We can think here, too, of the passage in Luke’s Gospel where Jesus says, “What father among you would hand his son a snake when he asks for a fish? Or hand him a scorpion when he asks for an egg? If you then … know how to give good gifts to your children, how much more will the Father in heaven give the holy Spirit to those who ask him” (Luke 11:11-13). The fact is, sometimes we ask God for the “snake” or the “scorpion” but, thankfully, he knows better than to give us exactly what we ask for.

In one of his letters, St. Augustine writes, “Why [God] should ask us to pray, when he knows what we need before we ask him, may perplex us if we do not realize that our Lord and God does not want to know what we want (for he cannot fail to know it) but wants us rather to exercise our desire through our prayers, so that we may be able to receive what he is preparing to give us.” In his commentary on one of the psalms St. Augustine writes, “For the desire of your heart is itself your prayer.”

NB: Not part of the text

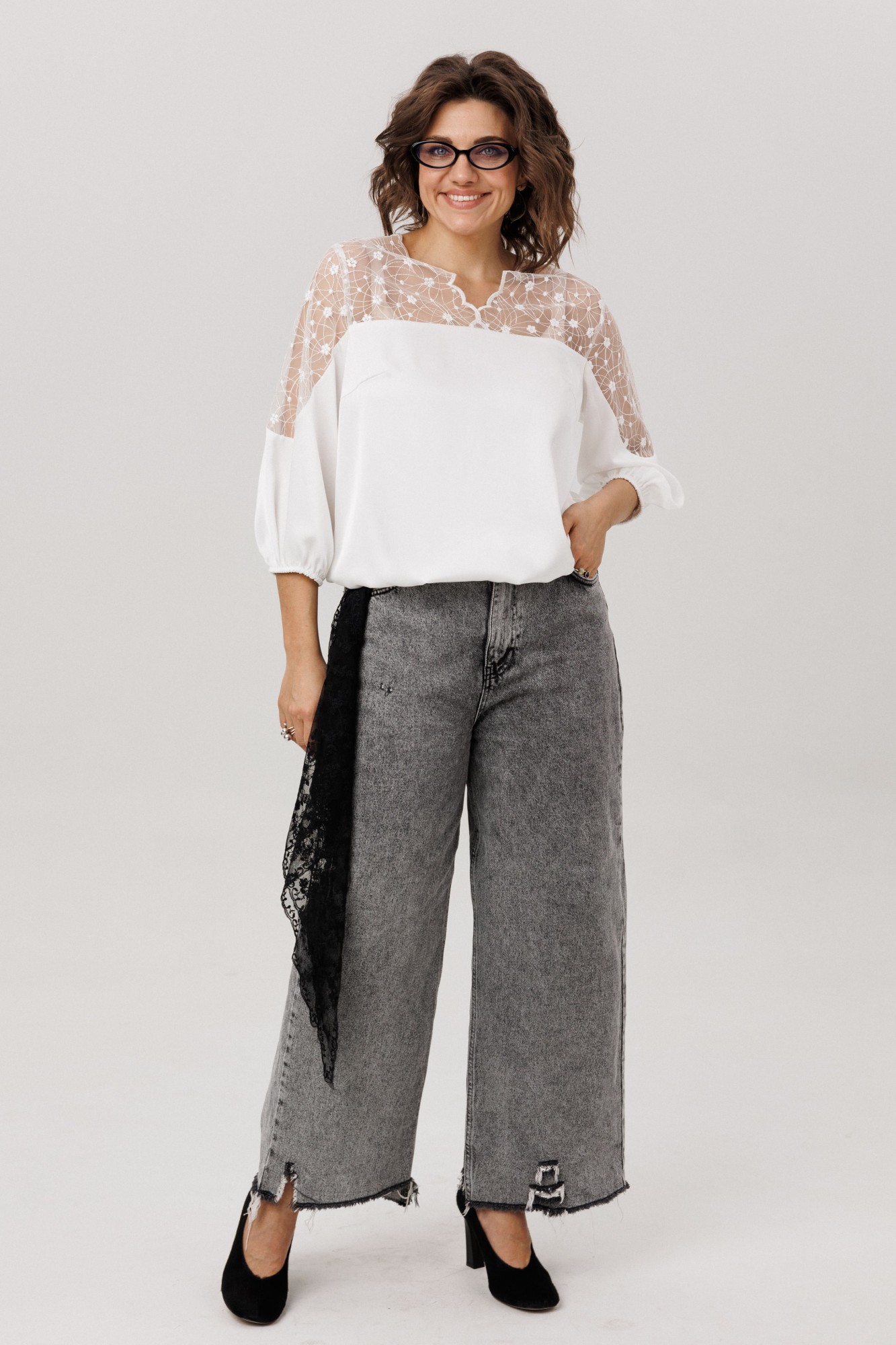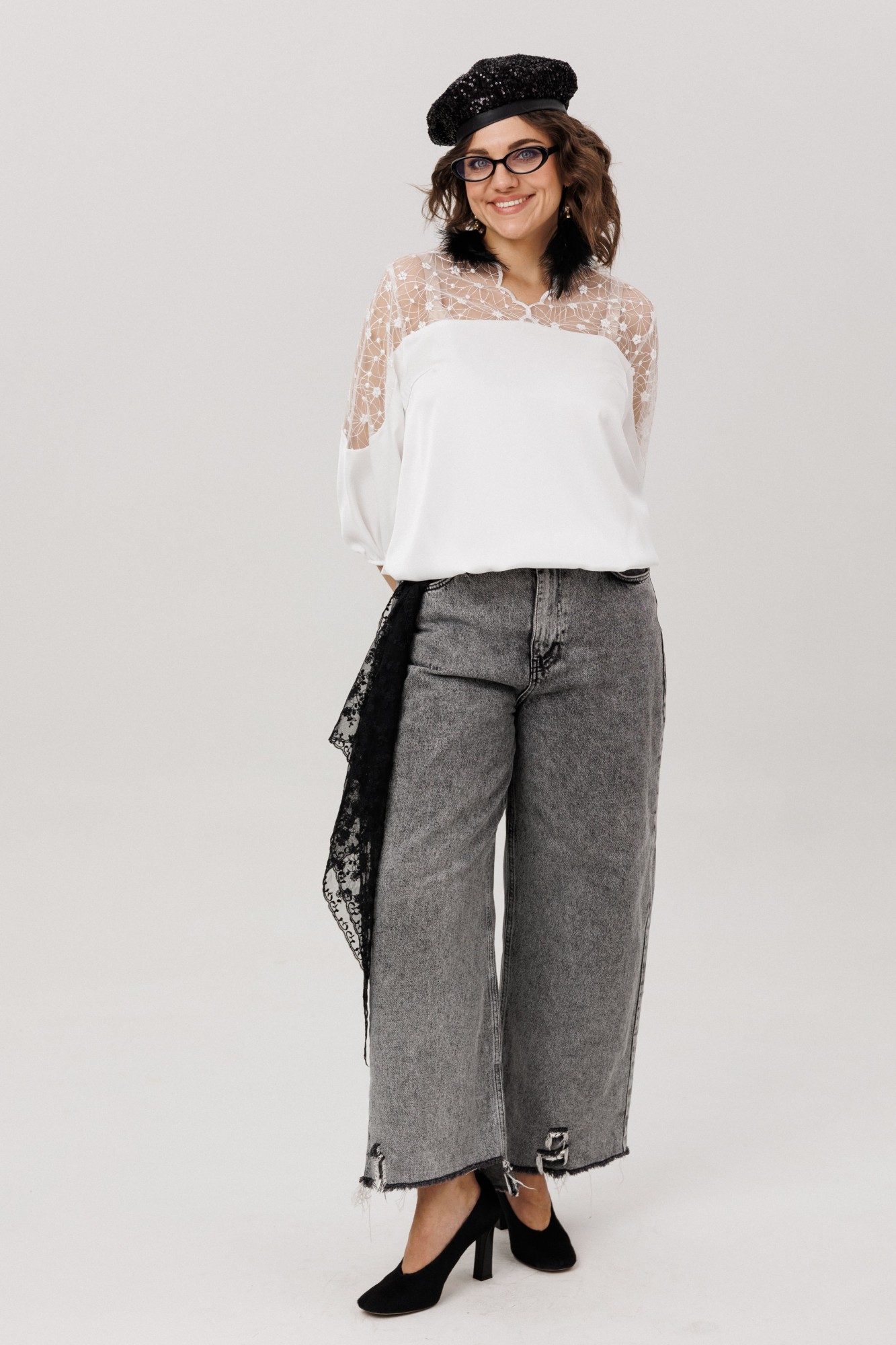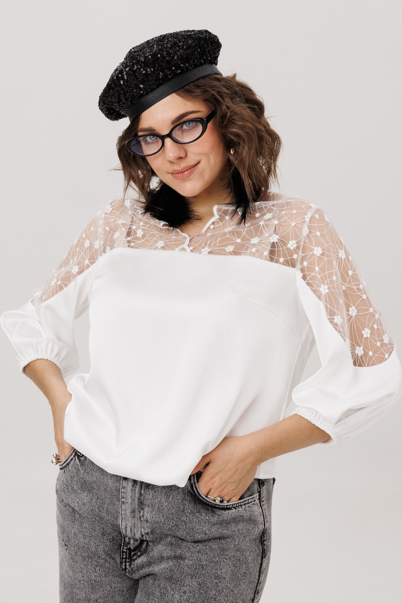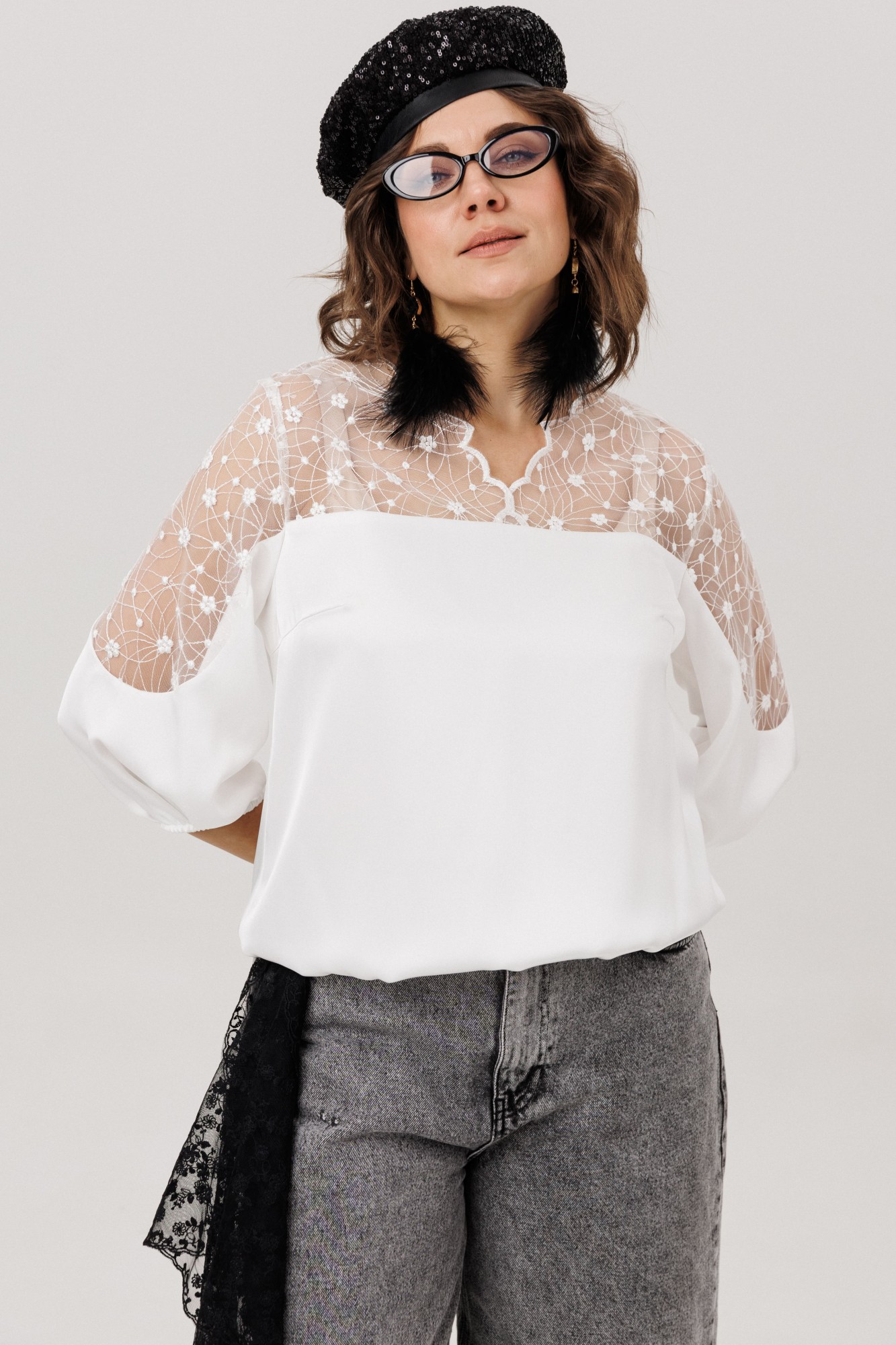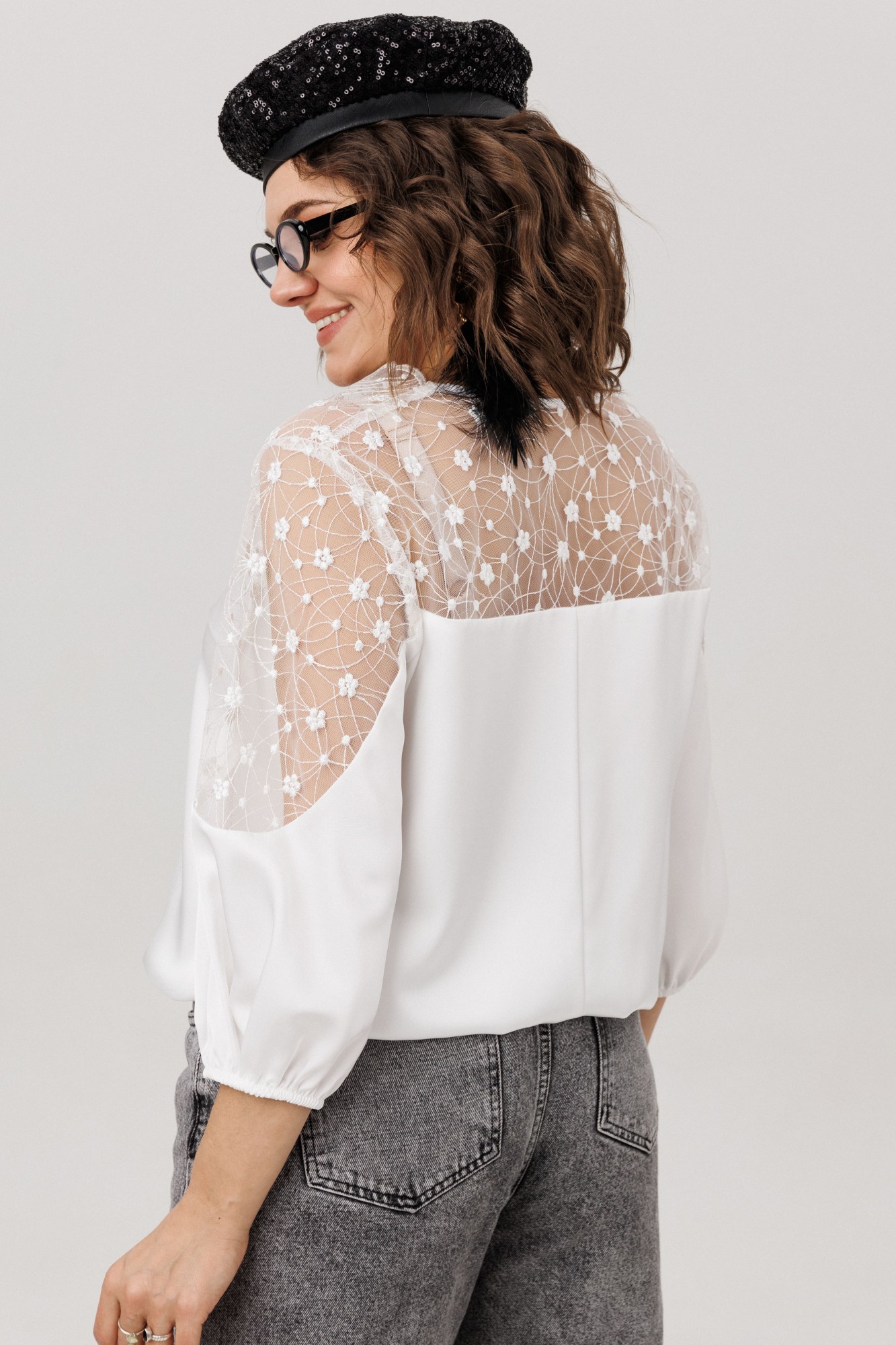 Верхняя часть, словно лёгкое кружевное облако с изысканными кокетками на полочке, спинке и изящными вставками на рукавах, переходит в благородный гладкий атлас, мерцающий приглушённым блеском. Рукава три четверти, собранные у низа на тонкую резинку, и такой же аккуратный низ самой блузы создают мягкие, едва уловимые волны, добавляя образу воздушности и динамики.

How might we apply this to those seemingly “unused” prayers for our beloved dead or for those prayers that are “unanswered,” at least in the way we might wish? These prayers still “exercise our desire.” They grow our trust in God and expand the heart. They are still acts of love. If nothing else, they change us and draw us closer to God.

Since we are playing, I wonder if those we pray for who are already in heaven might have some say in how those “extra” prayers and graces are applied. Maybe for other family members or for those who have no one to pray for them, those most in need of our prayers, those just on the threshold of heaven and those “last in line.” As with so many things, I guess we’ll find out when we get there.